Recursion can easily generate a large number of evaluation nodes. Starting from the original query subspace, the evaluation tree can grow quite big as recursion grows deeper and deeper. This in turn puts heavy pressure on evaluation node caches. To exacerbate the situation, the hash function mentioned previously skips group by attributes in parent child dimensions, as a result, subspaces with a lot of parent child dimensions have a much higher chance of hash collision. On the other hand, recursive calculations tend to show up in financial cubes which usually contain a lot of parent child dimensions. So recursion in a cube with a lot of parent child dimensions has a high chance of eviction of cached evaluation nodes and a low chance of hitting a previously built evaluation node.

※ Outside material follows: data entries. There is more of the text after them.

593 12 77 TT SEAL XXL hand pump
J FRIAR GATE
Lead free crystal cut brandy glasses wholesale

You can increase the maximum length of all linked lists by increasing the values of private server configuration properties CalculationLRUMinSize and CalculationLRUMaxSize as the eviction threshold is dynamically calculated but always falls in the interval [CalculationLRUMinSize, CalculationLRUMaxSize]. Increasing the size of the linked lists only allows more evaluation nodes to stay in the cache. You also have to increase the value of private server configuration property CalculationCacheRegistryMaxIterations so that those entries are actually examined during cache lookup.

Summary

In this blog post, we explored two more scenarios in which the presence of recursive MDX calculations can negatively impact query performance. MDX calculation engine may raise false infinite recursion errors when the changing attribute has more than one member in the subspace and when there are a mix of block mode evaluation nodes and cell-by-cell mode evaluation nodes along the recursion path. Although not a definitive diagnosis, you can watch the performance counter Total recomputes to get an indication that unwarranted errors are causing the query slowdown. As recommended in my previous post, keeping a single member on the changing attribute will prevent this issue.

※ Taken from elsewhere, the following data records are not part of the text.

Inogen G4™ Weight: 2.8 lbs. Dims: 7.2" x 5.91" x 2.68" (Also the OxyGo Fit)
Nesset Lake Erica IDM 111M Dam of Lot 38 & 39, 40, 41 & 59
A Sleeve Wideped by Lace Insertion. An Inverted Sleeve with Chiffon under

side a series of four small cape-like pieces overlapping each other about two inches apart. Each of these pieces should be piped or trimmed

We often find recursive calculations in financial cubes, which also tend to have many parent child dimensions. The combination of the two is cache unfriendly for bulk mode evaluation nodes. Here is one way to help you identify this problem. Assume there is a recursive calculation based on the [Month] attribute. First issue a query to calculate the value in January. After the query finishes, issue a query to calculate the value in February. After that, issue a query to calculate the value in March, so on so forth. If each query comes back fast in this fashion of successive calculations but a query to calculate the value in December is slow when starting in cold cache mode, this is an indication that your recursive calculation can benefit from hitting previously cached results but the large number of evaluation nodes generated by a deep recursion is evicting good cached results. Sometimes increasing the maximum size of hash collision chain of the evaluation node cache may help.

Most of these problems arise because block mode evaluation can be improved in terms of infinite recursion detection and sideways recursion handling. While that may happen in a future release of Analysis Services, a potential workaround is to force a pure cell-by-cell mode for all calculations. SQL Server 2000 performed calculations in cell-by-cell mode only. Many cubes designed back in SQL Server 2000 days worked well enough in that mode with acceptable and predictable query performance. If none of my other recommendations work for you and you suspect that pure cell-by-cell mode may be what you need, you can contact Microsoft Customer Support and Services to explore such a possibility.